# New Addition to MSK!!!



## MSK (Aug 13, 2008)

I would like to formally introduce PR' GrnLf's Louie II. I would like to give a huge thanks to Samantha from GreenLeaf Kennels. This weekend was super stressful although it was supposed to be a vacation but, everything did work out. My heavens I was so scatter brained and NOTHING I mean NOTHING went right at all. Anyways after getting Louie I am absolutely in love with this dog. He is not perfect but, his personality and manners just makes him an easy fall in love with dogs. He is beautiful and perfect for me as I said before to some he doesn't have great angulation in the front end but, that is not a huge issue as this boy is very athletic and a freak for a flirtpole. I believe my interests with him will be Conformation, Weight Pull, Obedience, and Schutzhund. With in a few hours of having him he didn't let strange men talk to me with out barking and scaring the crap out of them. He never acted like he wanted to bite but, I believe the extra ob and schutzhund training would help even more with him since he seems to be naturally protective. Oh and did I mention absolutely wonderful with my 2 year old. Anyways enough of my rambling here he is.

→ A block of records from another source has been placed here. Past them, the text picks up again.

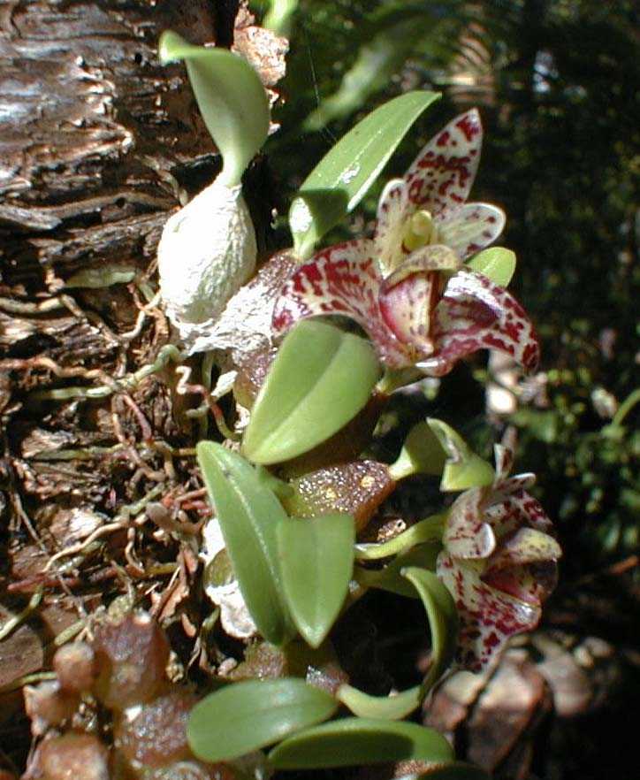 Found in Queensland and New South Wales Australia in rainforests on pine trees at elevations of 650 to 1200 meters as a mat forming, mini-miniature sized, warm to cool growing, unifoliate epiphyte with a creeping, branching rhizome giving rise to close set, conical to ovoid, irregularily furrowed pseudobulbs carrying a single, apical, erect to spreading, leathery, rigid, narrowly oblong to elliptic, acute to obtuse, shortly petiolate base leaf that blooms in the fall on an erect to suberect, 1 to 1 1/2" [2.5 to 3 cm] long, lateral from the base inflorescence with wide open flowers
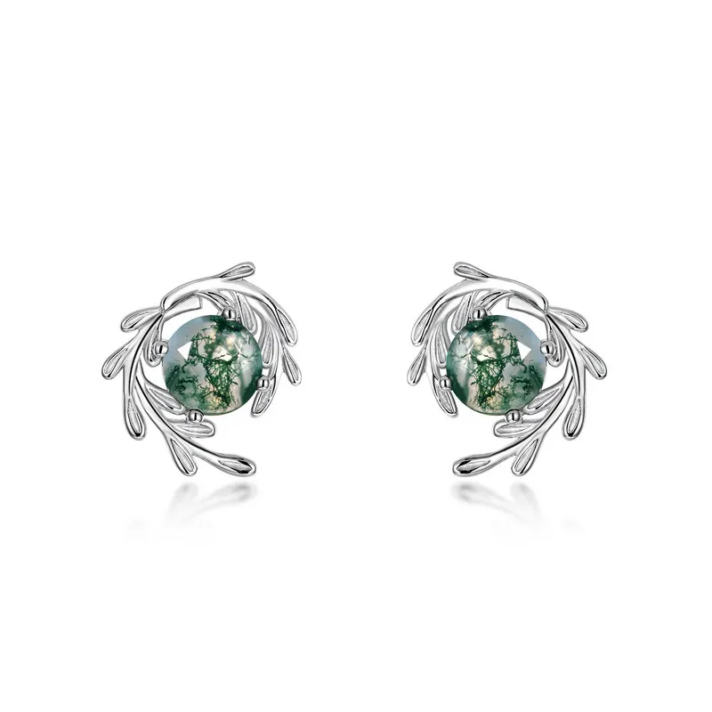 Women’s Green Moss Stone Water Plants Agate Earrings: Nature-Inspired Elegance and Healing Power
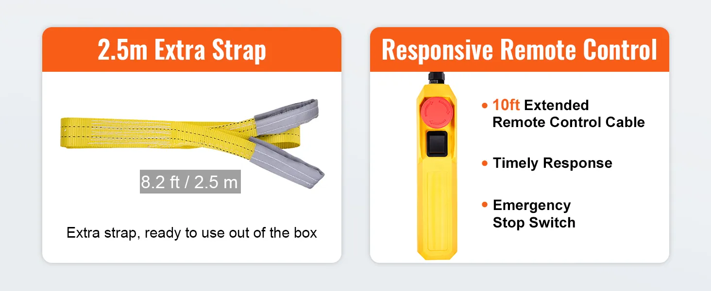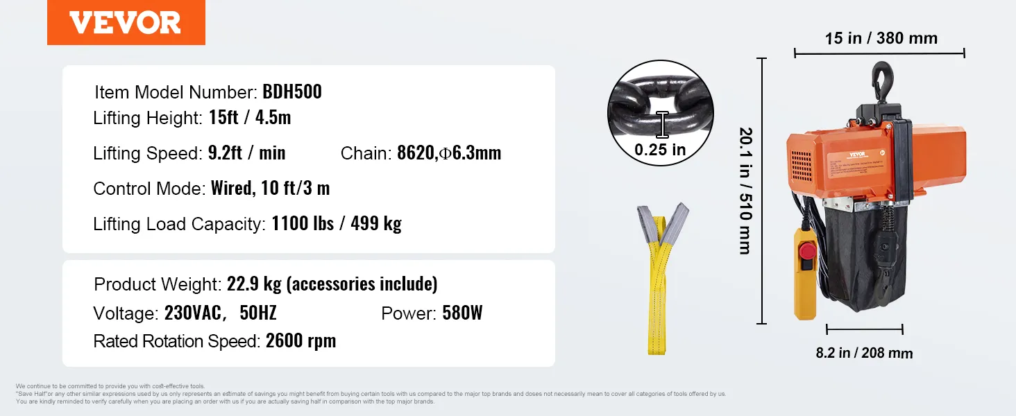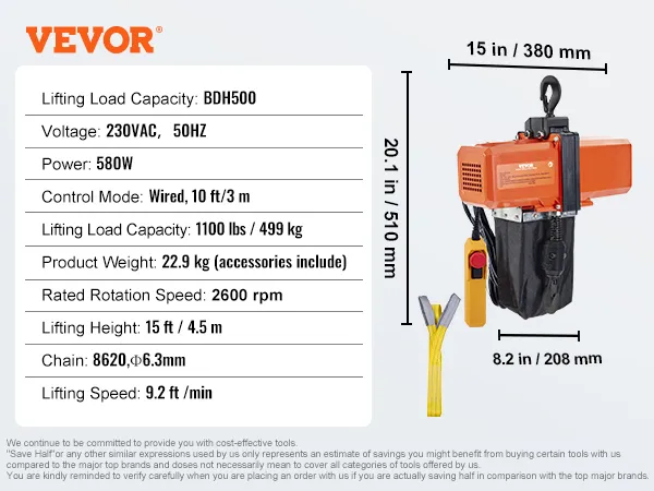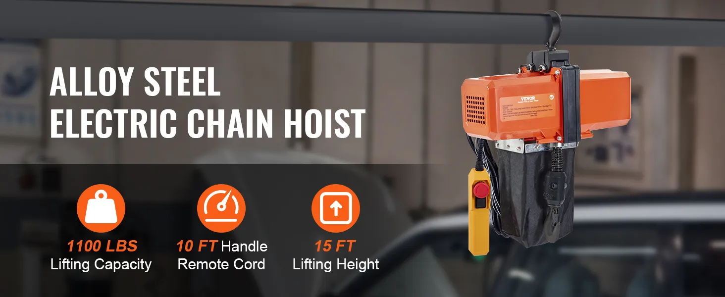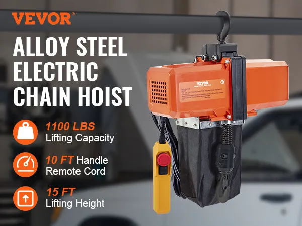499 kg draagvermogen: onze elektrische kettingtakel is uitgerust met een G100-ketting om een veilig draagvermogen van 499 kg te garanderen. Hij kan allerlei zware voorwerpen tillen met een snelheid van 2,8 m/min en een maximale hefhoogte van 4,5 m.
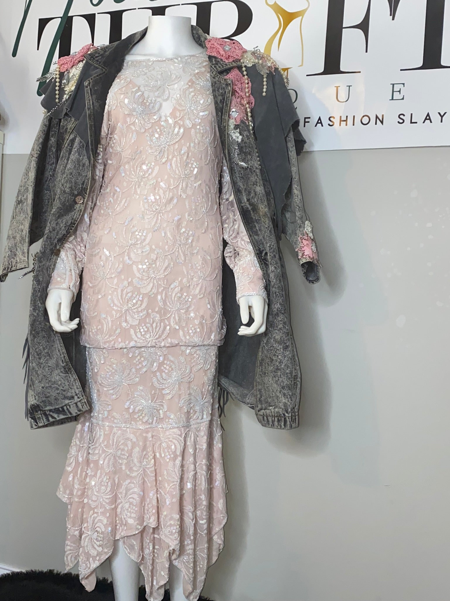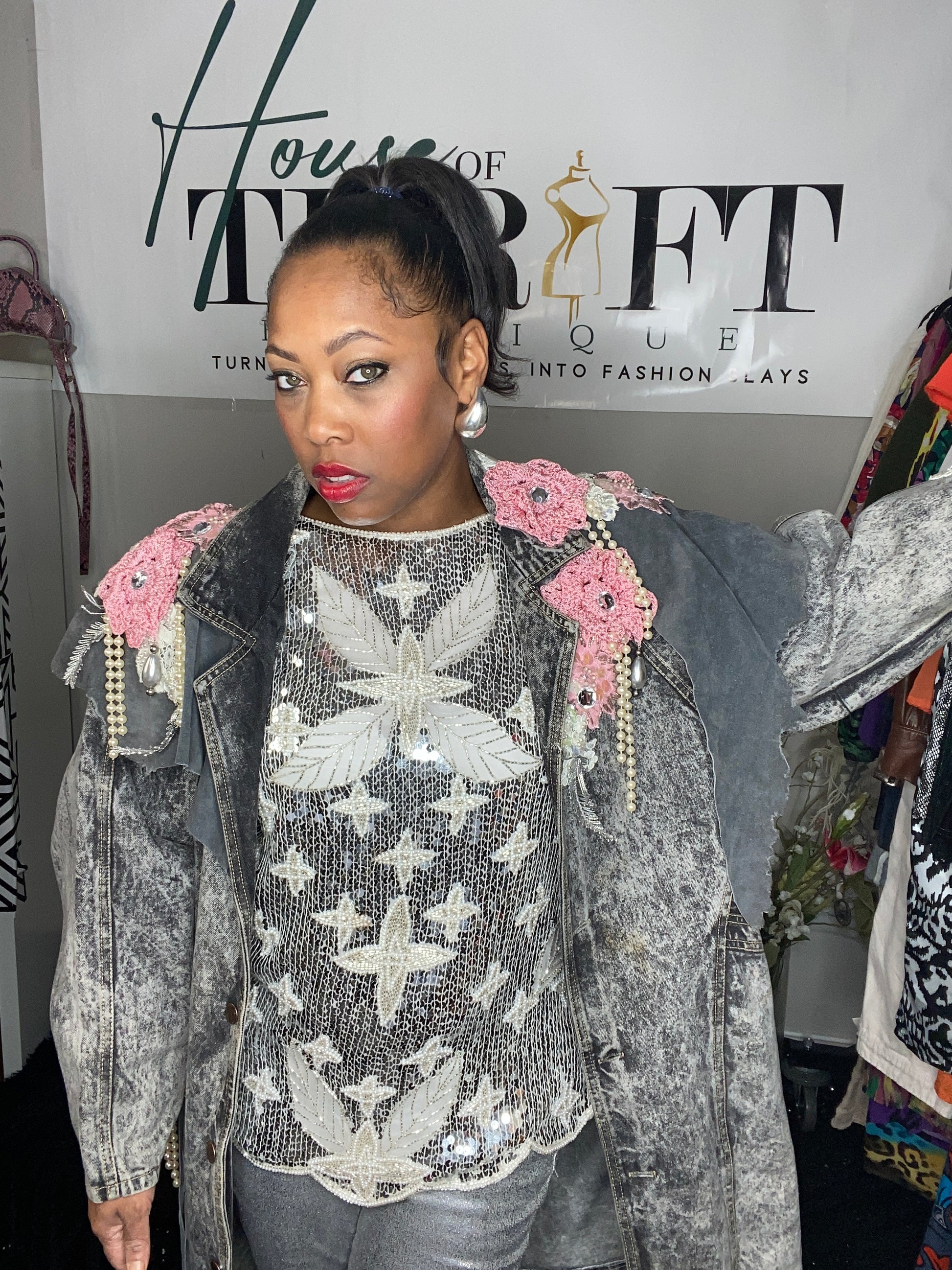 Custom denim street wear jacket. Vintage Black ash wash color denim with a grey leather accent finished with a faux fringe pearl detail and pink flower overlays. Is a vintage style cut, wide bust to slim cut dropping under knee. Great arm space.

I didn't get any new photos this weekend as my phone takes shitty pics. These are some that were taken a while ago.


----------



## angelbaby (Feb 4, 2010)

awww congrats he is handsome. Love his face, very striking look to him.


----------



## Princesspaola21 (Oct 30, 2012)

What a beaut!!

Sent from Petguide.com Free App


----------



## PatienceFlame (Dec 22, 2009)

He is handsome. I love his head!


----------



## MSK (Aug 13, 2008)

Thanks everyone! These pics are great but, he looks so different in person I'm hoping I can capture some better pics once I get a new camera. If not we will video him so to get the real affect. He is also a pretty small guy.


----------



## ::::COACH:::: (Apr 4, 2012)

He is just toooooo handsome!


----------



## Mila mommy x10 (Oct 15, 2012)

Beautiful dog  love the pics xo


----------



## Cain's Mom (Oct 25, 2012)

Gorgeous! Congrats

Sent from Petguide.com Free App


----------



## American_Pit13 (Apr 23, 2007)

He's a gorgeous guy! Congrats on the new addition


----------



## Black Rabbit (Nov 14, 2009)

Absolutely beautiful. :woof: congrats.


----------



## ames (Jun 6, 2010)

SO HANDSOME!!! Congratulations!


----------



## Zagari (Feb 14, 2013)

Gorgeous boy!


----------



## Odin`s_BlueDragon (Mar 11, 2012)

he is a handsome boy thats for sure! congrats on addin him to ur yard, i cant wait to see some more pics of him!


----------



## MSK (Aug 13, 2008)

Thanks everyone! Here is a few pics I did take with my phone the back cover's lense is scratched up so their blurry.


----------



## Buddy's Master (Dec 18, 2012)

He looks great.
I love that look.


----------



## dixieland (Aug 14, 2009)

congrats on the new addition!I hope he works out for you in every way you want him to!:woof:


----------